Dans les quartiers de Kinshasa, Lubumbashi ou Goma, des jeunes développent des applications de paiement mobile, des plateformes de e‑commerce ou des solutions de santé numérique. Ces initiatives ne sont pas seulement des projets économiques : elles représentent une réponse au chômage, une promesse d’emplois et une ouverture vers l’économie de demain. Encourager ces initiatives devrait être une priorité nationale.

Le Startup Act adopté en 2022 allait dans ce sens, en offrant des avantages fiscaux et un cadre protecteur. Mais l’arrêté du 20 juillet 2026 semble en contradiction avec cet esprit : il impose des barrières financières qui risquent de décourager les plus fragiles, surtout les nationaux.

Les critiques sont vives. Les startups locales dénoncent des montants disproportionnés, qui risquent de pousser l’innovation vers l’informel.

Martin Fayulu parle d’« aberration économique », soulignant que l’État ne peut pas prétendre promouvoir le numérique tout en étouffant ses acteurs. Des ONG rappellent que la régulation doit se faire par la qualité et la transparence, pas par des taxes punitives. Le gouvernement, de son côté, promet des exemptions pour les startups et défend la réforme comme un outil de souveraineté numérique et de mobilisation des recettes. Mais la confiance est fragilisée.

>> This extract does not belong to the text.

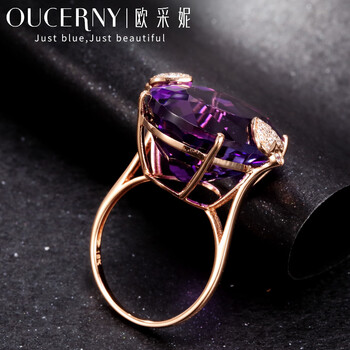 欧采妮22大克拉紫水晶戒面18 K玫瑰金 镶彩色宝石紫晶戒指 18号和15号圈口现货 其他圈口需定制联系客服
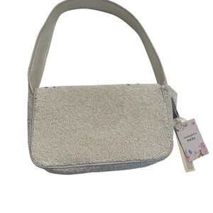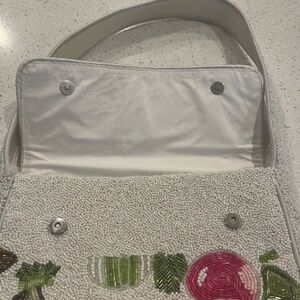 Beaded design, beaded shoulder strap, fully lined inside. 9.5 W x 6 H. Flap with magnetic close. 1 interior pocket

Comparée à ses voisins, la RDC apparaît isolée dans sa méthode. Au Kenya, une Digital Service Tax de 1,5 % des revenus encadre les plateformes sans imposer de droits fixes prohibitifs. Au Nigeria, la TVA numérique cible les géants étrangers tout en soutenant les startups locales. En Afrique du Sud, la régulation des data centers et du cloud passe par des normes techniques, pas par des taxes d’entrée. La RDC, elle, impose des droits fixes de 2 000 à 75 000 dollars et des amendes de 100 à 200 % en cas de non‑conformité.

Cette stratégie favorise les grandes plateformes étrangères capables de payer, mais fragilise les jeunes pousses locales.L’innovation ne se décrète pas : elle se libère, s’accompagne et se protège. La RDC doit revoir cet arrêté pour qu’il devienne un levier de crédibilité et non un frein. Le numérique est une chance historique pour la jeunesse congolaise ; il mérite un cadre qui encourage, inspire et ouvre des portes, plutôt qu’un système qui les ferme.

La rédaction.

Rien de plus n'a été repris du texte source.